BEGIN SUPPLIED INFORMATION

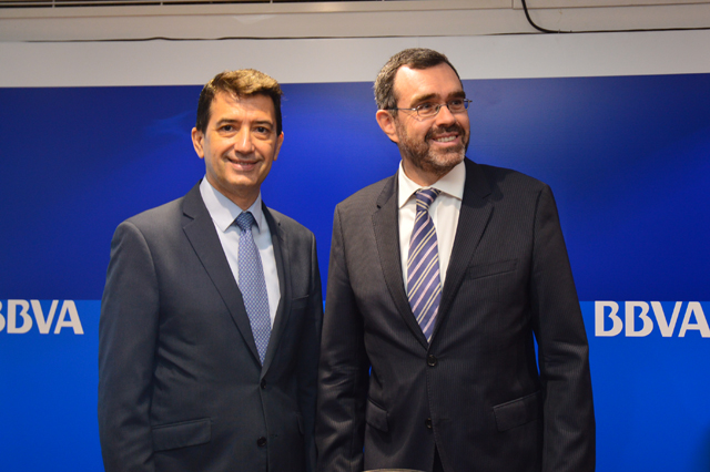 La nueva oficina de BBVA -que ocupa la antigua de Catalunya Bank- en la calle Barcas de Valencia fue esta mañana el escenario elegido para presentar el informe de Situación Comunitat Valenciana, por parte del jefe de Análisis Macroeconómico de BBVA Research, Rafael Doménech, junto a Alberto Charro, director territorial de la entidad bancaria. El informe no puede ser más optimista respecto a la evolución económica de la Comunidad Valenciana, para la que se augura un crecimiento del 2,7% en 2017 y del 2,6% para el próximo año.
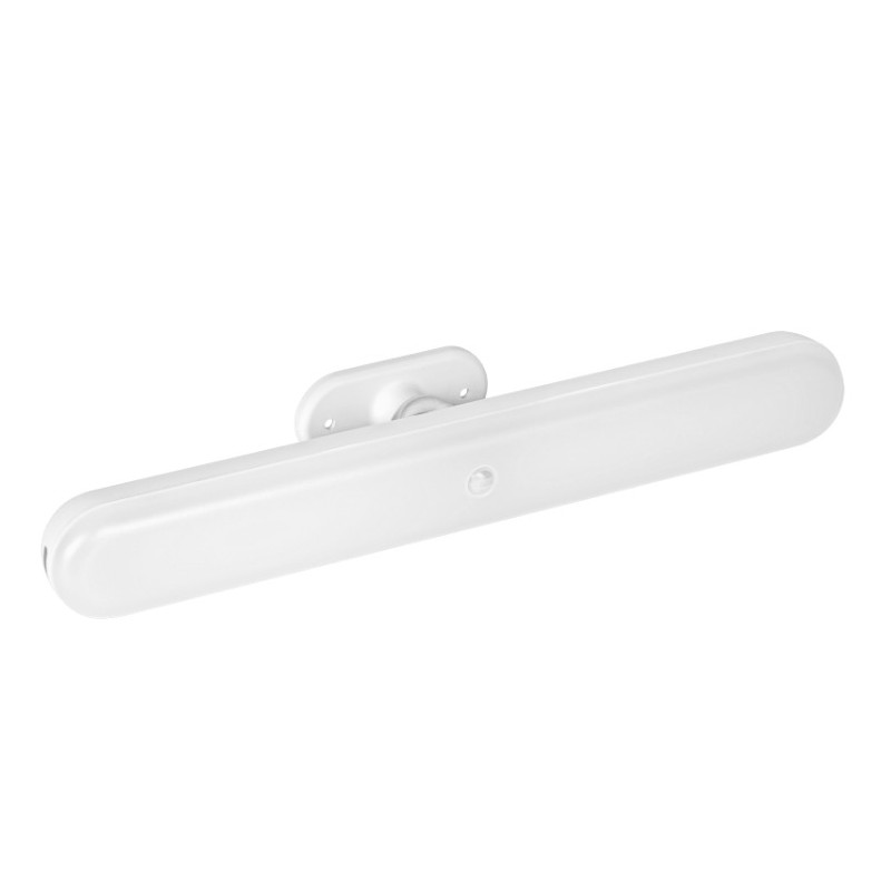 Lampă LED rotativă cu senzor de mișcare și acumulator, ideală pentru iluminarea dulapurilor, scărilor sau oglinzilor, oferind trei temperaturi de culoare și montaj flexibil.
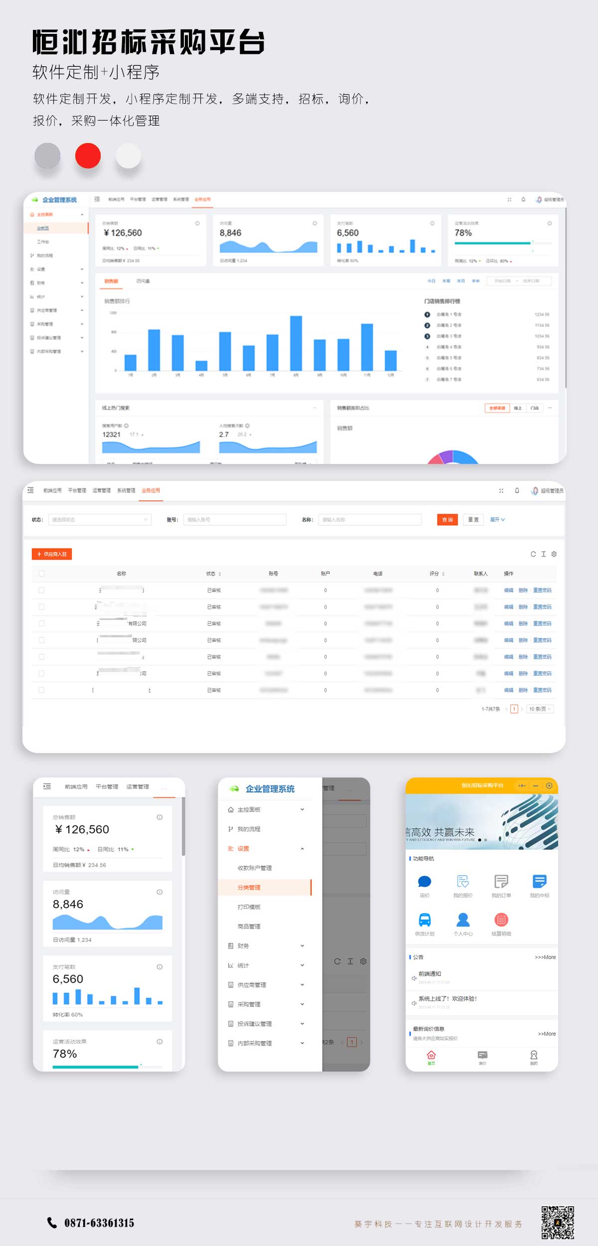 此項目為(wèi)我公司小(xiǎo)程序及辦公軟件(jiàn)定制(zhì)項目,<•支持客戶管理(lǐ),供應商管理(lǐ),項目詢價,供應商報(bào)價,采購(gòuΩ∞≠)計(jì)劃,采購(gòu)送貨等全套流程。系統由PC後端,≤±✔ΩH5後端,小(xiǎo)程序管理(lǐ)端及小(xiǎo)程序前端組成。功能(néng)強大(β₹§dà),運行(xíng)流暢。
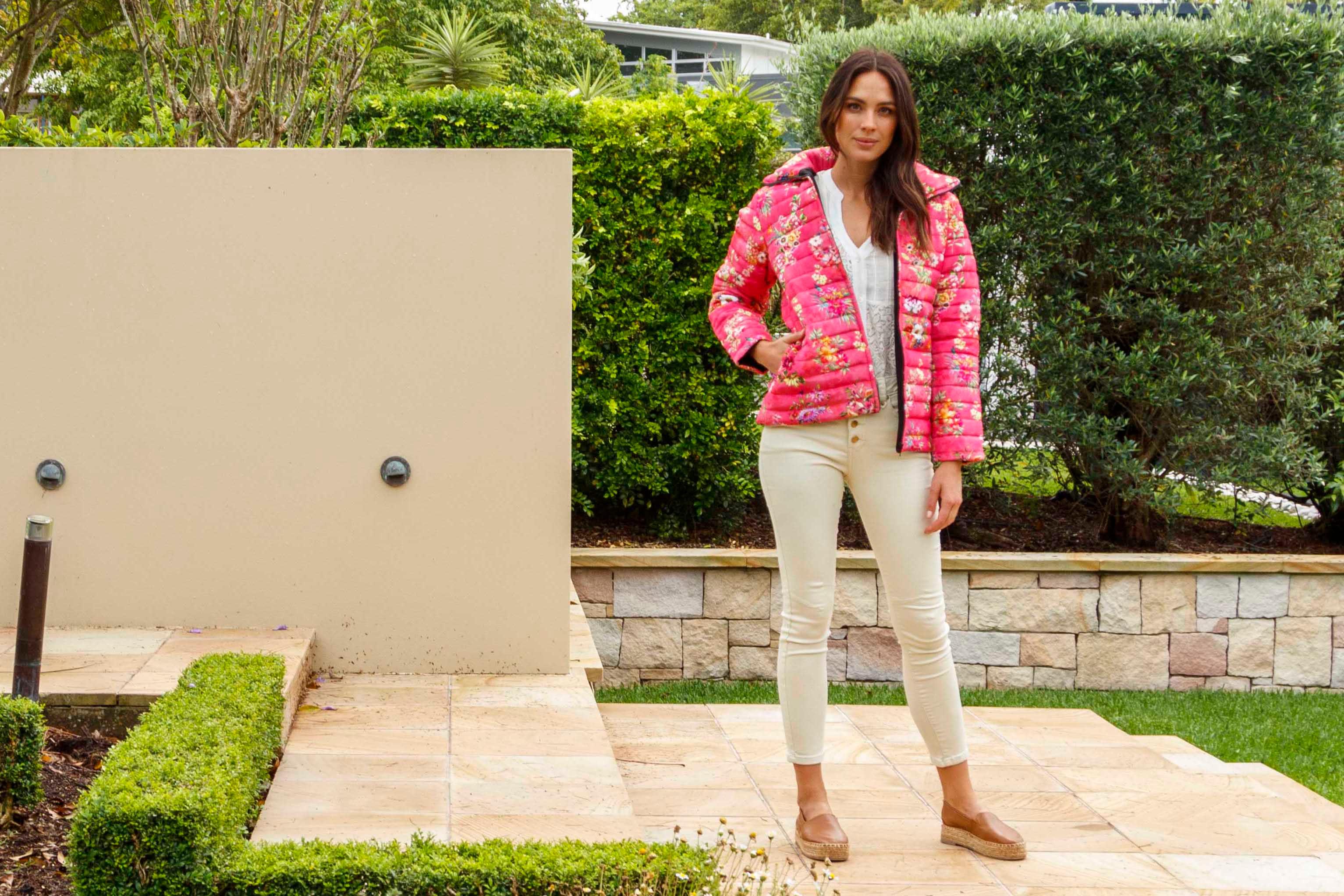 Taking any look to the next level, this cool and classic puffer jacket is featured in a tailored fit with printed fabrication and a full zip for added dimension. This effortlessly essential style is perfect to pair with anything from denim to a tailored trouser.

END SUPPLIED INFORMATION

_PROBLEM STATEMENT_: Reproduce the preceding material exactly, skipping pictures.

_WORKED SOLUTION_:
 La nueva oficina de BBVA -que ocupa la antigua de Catalunya Bank- en la calle Barcas de Valencia fue esta mañana el escenario elegido para presentar el informe de Situación Comunitat Valenciana, por parte del jefe de Análisis Macroeconómico de BBVA Research, Rafael Doménech, junto a Alberto Charro, director territorial de la entidad bancaria. El informe no puede ser más optimista respecto a la evolución económica de la Comunidad Valenciana, para la que se augura un crecimiento del 2,7% en 2017 y del 2,6% para el próximo año.
 Lampă LED rotativă cu senzor de mișcare și acumulator, ideală pentru iluminarea dulapurilor, scărilor sau oglinzilor, oferind trei temperaturi de culoare și montaj flexibil.
 此項目為(wèi)我公司小(xiǎo)程序及辦公軟件(jiàn)定制(zhì)項目,<•支持客戶管理(lǐ),供應商管理(lǐ),項目詢價,供應商報(bào)價,采購(gòuΩ∞≠)計(jì)劃,采購(gòu)送貨等全套流程。系統由PC後端,≤±✔ΩH5後端,小(xiǎo)程序管理(lǐ)端及小(xiǎo)程序前端組成。功能(néng)強大(β₹§dà),運行(xíng)流暢。
 Taking any look to the next level, this cool and classic puffer jacket is featured in a tailored fit with printed fabrication and a full zip for added dimension. This effortlessly essential style is perfect to pair with anything from denim to a tailored trouser.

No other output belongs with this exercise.